[Records from a dataset]
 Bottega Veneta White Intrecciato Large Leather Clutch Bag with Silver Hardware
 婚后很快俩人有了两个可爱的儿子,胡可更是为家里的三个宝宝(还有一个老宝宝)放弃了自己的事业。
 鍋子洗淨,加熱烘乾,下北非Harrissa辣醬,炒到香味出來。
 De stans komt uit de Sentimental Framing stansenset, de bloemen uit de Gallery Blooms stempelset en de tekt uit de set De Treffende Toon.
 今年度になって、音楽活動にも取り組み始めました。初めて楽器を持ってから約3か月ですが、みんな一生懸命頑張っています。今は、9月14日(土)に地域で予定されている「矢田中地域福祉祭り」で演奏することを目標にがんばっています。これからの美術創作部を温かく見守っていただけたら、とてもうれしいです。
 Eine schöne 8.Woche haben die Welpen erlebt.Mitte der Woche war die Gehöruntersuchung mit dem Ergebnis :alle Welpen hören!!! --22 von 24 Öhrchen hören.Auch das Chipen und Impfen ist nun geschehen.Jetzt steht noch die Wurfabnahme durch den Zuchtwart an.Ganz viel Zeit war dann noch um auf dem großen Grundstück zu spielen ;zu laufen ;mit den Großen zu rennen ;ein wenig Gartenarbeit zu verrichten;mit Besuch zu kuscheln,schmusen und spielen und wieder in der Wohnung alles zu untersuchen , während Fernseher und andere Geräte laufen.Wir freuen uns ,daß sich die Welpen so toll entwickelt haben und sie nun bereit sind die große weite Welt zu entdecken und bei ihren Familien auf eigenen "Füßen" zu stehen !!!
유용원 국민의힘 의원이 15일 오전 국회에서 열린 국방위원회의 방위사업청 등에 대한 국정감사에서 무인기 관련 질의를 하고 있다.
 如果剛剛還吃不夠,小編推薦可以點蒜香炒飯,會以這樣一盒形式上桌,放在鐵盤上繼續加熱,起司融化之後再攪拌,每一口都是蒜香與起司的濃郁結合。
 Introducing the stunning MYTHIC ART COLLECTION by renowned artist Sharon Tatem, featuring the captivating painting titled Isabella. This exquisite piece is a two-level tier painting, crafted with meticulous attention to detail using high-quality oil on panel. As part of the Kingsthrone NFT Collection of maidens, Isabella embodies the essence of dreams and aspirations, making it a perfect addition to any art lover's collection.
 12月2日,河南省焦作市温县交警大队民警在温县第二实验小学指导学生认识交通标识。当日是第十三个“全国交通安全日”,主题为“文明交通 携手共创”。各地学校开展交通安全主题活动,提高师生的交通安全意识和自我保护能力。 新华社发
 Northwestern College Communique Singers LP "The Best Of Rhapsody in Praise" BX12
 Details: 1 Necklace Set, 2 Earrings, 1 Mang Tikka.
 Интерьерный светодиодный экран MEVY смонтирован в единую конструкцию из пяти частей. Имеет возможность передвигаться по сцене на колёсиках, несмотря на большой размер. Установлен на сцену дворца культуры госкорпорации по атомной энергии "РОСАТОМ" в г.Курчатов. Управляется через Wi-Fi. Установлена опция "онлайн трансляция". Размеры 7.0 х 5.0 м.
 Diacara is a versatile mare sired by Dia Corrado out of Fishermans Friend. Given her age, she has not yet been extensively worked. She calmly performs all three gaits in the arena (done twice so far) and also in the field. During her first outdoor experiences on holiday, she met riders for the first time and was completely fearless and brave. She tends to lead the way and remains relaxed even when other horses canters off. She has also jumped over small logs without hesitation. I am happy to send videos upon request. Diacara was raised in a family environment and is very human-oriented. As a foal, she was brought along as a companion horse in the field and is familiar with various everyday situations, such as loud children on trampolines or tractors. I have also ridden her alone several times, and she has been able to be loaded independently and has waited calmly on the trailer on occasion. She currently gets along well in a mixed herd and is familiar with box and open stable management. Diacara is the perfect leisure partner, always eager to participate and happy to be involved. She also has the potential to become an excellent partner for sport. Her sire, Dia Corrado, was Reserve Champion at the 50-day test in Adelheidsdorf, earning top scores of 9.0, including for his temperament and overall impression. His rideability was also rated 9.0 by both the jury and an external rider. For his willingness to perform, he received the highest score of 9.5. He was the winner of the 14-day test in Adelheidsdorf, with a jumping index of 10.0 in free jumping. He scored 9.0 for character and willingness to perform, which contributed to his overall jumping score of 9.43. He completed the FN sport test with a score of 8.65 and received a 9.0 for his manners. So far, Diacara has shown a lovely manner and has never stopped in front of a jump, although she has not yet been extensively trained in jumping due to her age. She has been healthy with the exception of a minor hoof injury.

EXERCISE DETAILS: Look back at the data above. Transcribe exactly the lines starting at the line that contains "Introducing the stunning" and ending at the line that contains "Интерьерный светодиодный экран".

WRITTEN REPLY:
 Introducing the stunning MYTHIC ART COLLECTION by renowned artist Sharon Tatem, featuring the captivating painting titled Isabella. This exquisite piece is a two-level tier painting, crafted with meticulous attention to detail using high-quality oil on panel. As part of the Kingsthrone NFT Collection of maidens, Isabella embodies the essence of dreams and aspirations, making it a perfect addition to any art lover's collection.
 12月2日,河南省焦作市温县交警大队民警在温县第二实验小学指导学生认识交通标识。当日是第十三个“全国交通安全日”,主题为“文明交通 携手共创”。各地学校开展交通安全主题活动,提高师生的交通安全意识和自我保护能力。 新华社发
 Northwestern College Communique Singers LP "The Best Of Rhapsody in Praise" BX12
 Details: 1 Necklace Set, 2 Earrings, 1 Mang Tikka.
 Интерьерный светодиодный экран MEVY смонтирован в единую конструкцию из пяти частей. Имеет возможность передвигаться по сцене на колёсиках, несмотря на большой размер. Установлен на сцену дворца культуры госкорпорации по атомной энергии "РОСАТОМ" в г.Курчатов. Управляется через Wi-Fi. Установлена опция "онлайн трансляция". Размеры 7.0 х 5.0 м.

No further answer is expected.